I’m not sure The Goldfinch by Donna Tartt deserves the Pulitzer Prize. It’s way too long (771 pages), and the pace mires down way too often. Early promises aren’t fulfilled, the characters are more adored than developed, and parts of the narrative turn preachy and patronizing.
Yet I loved the reading of it for the most part. Observations and insights are so rich that I don’t really care what the story is about, especially when it comes to themes about art and the flow of people’s lives around art objects.
Take the narrator’s mother, a self-taught art buff who’s rushing Theo, her 13-year-old son, through an exhibit of Dutch Masters at the Metropolitan Museum of Art in New York.
It’s hard to like this character’s air of false cosmopolitanism (“Oh, drat,” she exclaims at the first sign of rain). But her regard for these paintings is so exuberant and her knowledge so intriguing that (like other people in the museum) I want to sidle up close to hear everything she has to say.
“They really knew how to work this edge, the Dutch painters — ripeness sliding into rot,” she says gaily as they move quickly toward the Rembrandt painting at the heart of the show, The Anatomy Lesson.
Theo has viewed this image on the exhibit poster so many times that he now sees only “the same old corpse with the flayed arm,” but his mother reveals much more as they slow down before it.
The men in the painting are “very naturalistic,” she begins.
“But then — she traced the corpse, midair, with her finger — “the body isn’t painted in a very natural way at all, if you look at it. Weird glow coming off it, do you see? Alien autopsy, almost. See how it lights up the faces of the men looking down at it? Like it’s shining with its own light source? He’s painting it with that radioactive quality because he wants to draw our eye to it — make it jump out at us.”
The novel itself never shows us a picture of anything, but we end up sharing her fascination with the flayed arm because Tartt articulates the mother’s excitement about it so perfectly.
“See how (the artist Fabritius) calls attention to it by painting it so big, all out of proportion to the rest of the body?
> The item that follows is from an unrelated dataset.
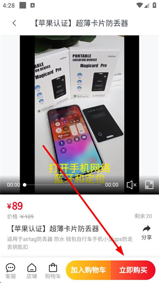 3、進入超薄卡片防丟器的詳情頁面,可見商品展示圖、價格及適用范圍等信息,底部設加入購物車和立即購買按鈕,點擊立即購買進入商品下單頁面。

He’s even turned it around so the thumb is on the wrong side, do you see? Well, he didn’t do that by mistake. The skin is off the hand — we see it immediately, something very wrong — but by reversing the thumb he makes it look even more wrong, it registers subliminally even if we can’t put our finger on it, something really out of order, not right. Very clever trick.”
Okay, a trick (it looks okay to me), but why would the artist do that? we wonder, waiting for Theo to ask this very question. However at that moment, the boy’s attention has wandered to a girl nearby with bright red hair and “golden honeybee brown eyes” — a girl who is “too thin, all elbows, and in a way almost plain, yet there was something about her too that made my stomach go watery.”
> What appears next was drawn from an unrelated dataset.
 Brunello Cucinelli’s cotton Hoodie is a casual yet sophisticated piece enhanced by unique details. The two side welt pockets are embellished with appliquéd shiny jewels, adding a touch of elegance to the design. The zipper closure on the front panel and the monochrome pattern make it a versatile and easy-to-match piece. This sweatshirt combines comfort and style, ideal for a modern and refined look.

This happens before his mother moves smoothly on to the real gem she wants Theo to see, The Goldfinch of the novel’s title. It’s “a small picture, the smallest in the exhibition,” Theo tells us —
although he’s also inclining his head to get another glimpse of the girl and the grandfatherly man accompanying her — “and the simplest: a yellow finch, against a plain, pale ground, chained to a perch by its twig of an ankle.”
It doesn’t register at first, but that small looping chain and “twig of an ankle” will return to our memory in a subliminal way for the next 700 pages. As will dozens (I’m still counting) of other references, each looked at first from an odd angle and later more provocatively, causing us to remember and wonder each time we leave the page or screen.
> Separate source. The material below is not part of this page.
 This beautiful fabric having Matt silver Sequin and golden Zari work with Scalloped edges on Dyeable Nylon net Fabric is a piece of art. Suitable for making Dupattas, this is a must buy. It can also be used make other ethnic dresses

For instance, Tartt knows enough about Amsterdam and Las Vegas to take us to these cities in vivid, visual detail. But she is eloquent about New York City, particularly when Theo finds his bleak mood reflected in a simple walk down Lexington Ave. Though he bypasses subway stations to “clear my mind” (to further mess up his mind, is what he means), the city is there, as always, it seems, to mirror anyone’s deepening despair.
“… weaving in and out of crowds I had a strange feeling of being already dead, of moving in a vaster sidewalk grayness than the street or even the city could encompass, my soul disconnected from my body and drifting among other souls in a mist somewhere between past and present, Walk Don’t Walk, individual pedestrians floating up strangely isolated and lonely before my eyes, blank faces plugged into earbuds and staring straight ahead, lips moving silently, and the city noise dampened and deafened, under crushing, granite-colored skies that muffled the noise from the street, garbage and newsprint, concrete and drizzle, a dirty winter grayness weighing like a stone.”
Tartt doesn’t allow many lengthy sentences in The Goldfinch and seems to dismiss stream-of-consciousness as a cheap trick. So this passage is a rare surprise. It’s risky and wordy and malaise-ridden — and for some readers incredibly true.
Again I wouldn’t give a literary award for The Goldfinch, but when the writing is enthralling on every page, you have to say the author deserves a lot of credit.